State park in Kentucky, United States

Taylorsville Lake State Park is a public recreation area encompassing more than 1650 acre in Spencer County, Kentucky, roughly midway between Louisville and Lexington. Taylorsville Lake, its major feature, extends into parts of Anderson County and Nelson County.

==History==
Taylorsville Lake gains its name from the nearby town, named for President Zachary Taylor's father, Richard Taylor, who donated 60 acre of his own land for creation of the town.

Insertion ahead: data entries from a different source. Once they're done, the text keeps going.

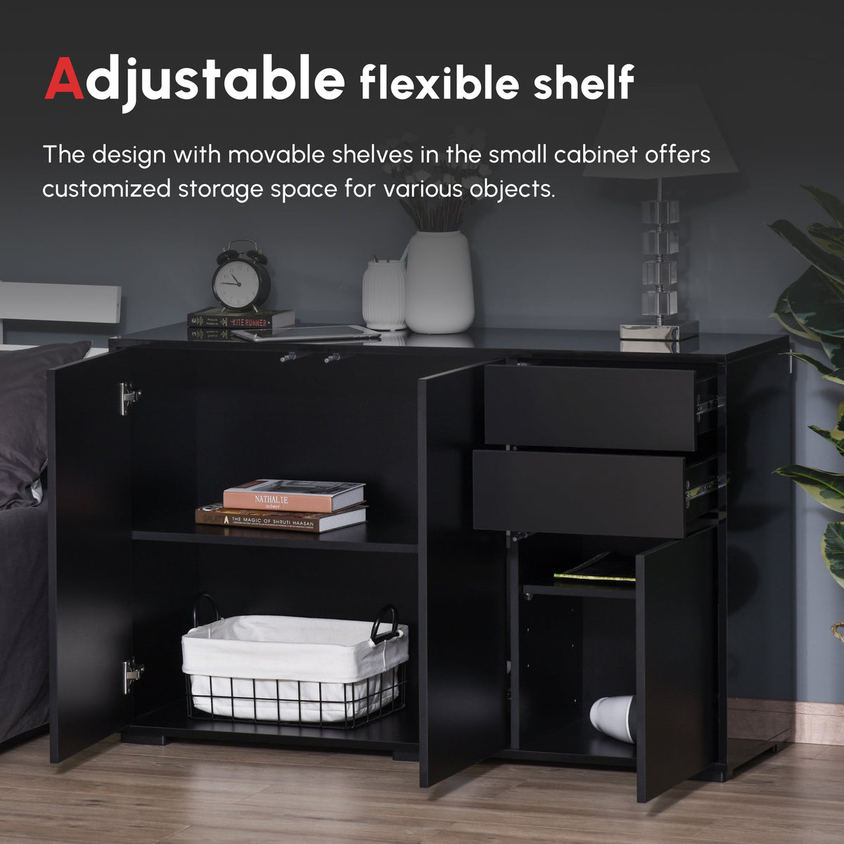 HOMCOM High Gloss Frame Sideboard, Push-Open Design with 2 Drawers for Living Room, Bedroom, 74H x 79W x 36Dcm, Black - Black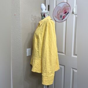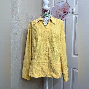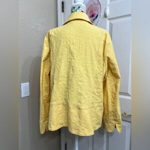 Bright yellow jacket. Button-up front. Classic collar. Long sleeves.
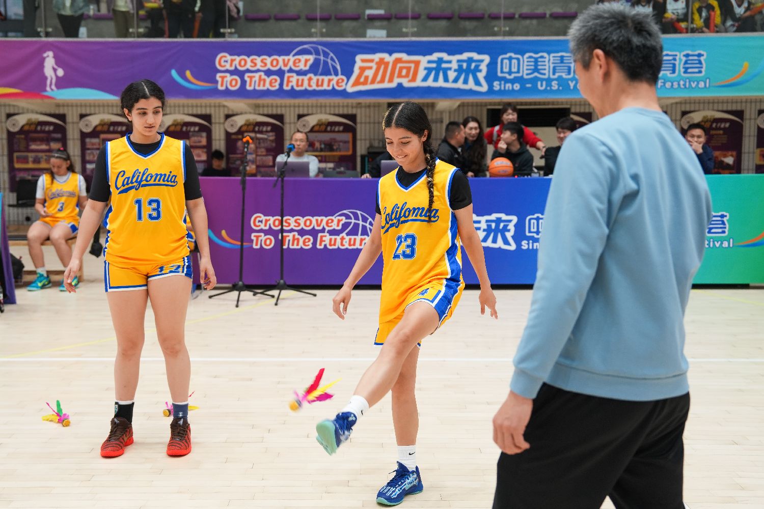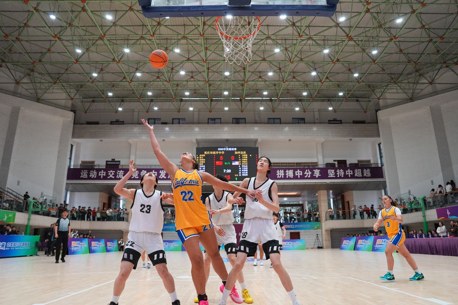 3月30日,赴渝参加2026“动向未来——中美青少年体育荟”篮球活动的美国加利福尼亚州10所中学的46名女子篮球队员及教练员,走进重庆市南开中学,与中国学生切磋篮球技艺,并体验踢毽子等中国传统民间体育项目。其间,美国青少年还展示了腰旗橄榄球运动,在多元体育交流中增进了解、深化友谊。图为加州金队(黄衣)与重庆南开中学女子篮球队进行友谊赛。

The lake was created when the United States Army Corps of Engineers chose to dam the Salt River, thereby creating the lake, with its public opening in January 1983. The dam, which measures a height of 163 ft and a length of 1280 ft, cost $28.8 million to build. The resulting lake is 3050 acre in total area, has 75 mi of shoreline, and is 18 mi long.

==Activities and amenities==
There is both a park office, maintained by the state of Kentucky, and a visitors center maintained by the United States Army Corps of Engineers. The visitors center is pyramid-shaped with a brown metal roof, and contains displays of the local trees, boating, and dam management.

Fishing is the main attraction, as Taylorsville Lake is the most heavily stocked lake in the Commonwealth of Kentucky; it is known for its bluegill, and features bass and crappie.

The parks boasts a "24-mile multi-use trail [system] enjoyed by horse back riders, mountain bikers and hikers alike." There are 17.3 mi of hiking trails in the park, but these are seen as poor quality by hiking enthusiasts as their use by equestrian traffic has made the hiking trails like "a plow had chattered down them". Camping was not available at the park until 1998.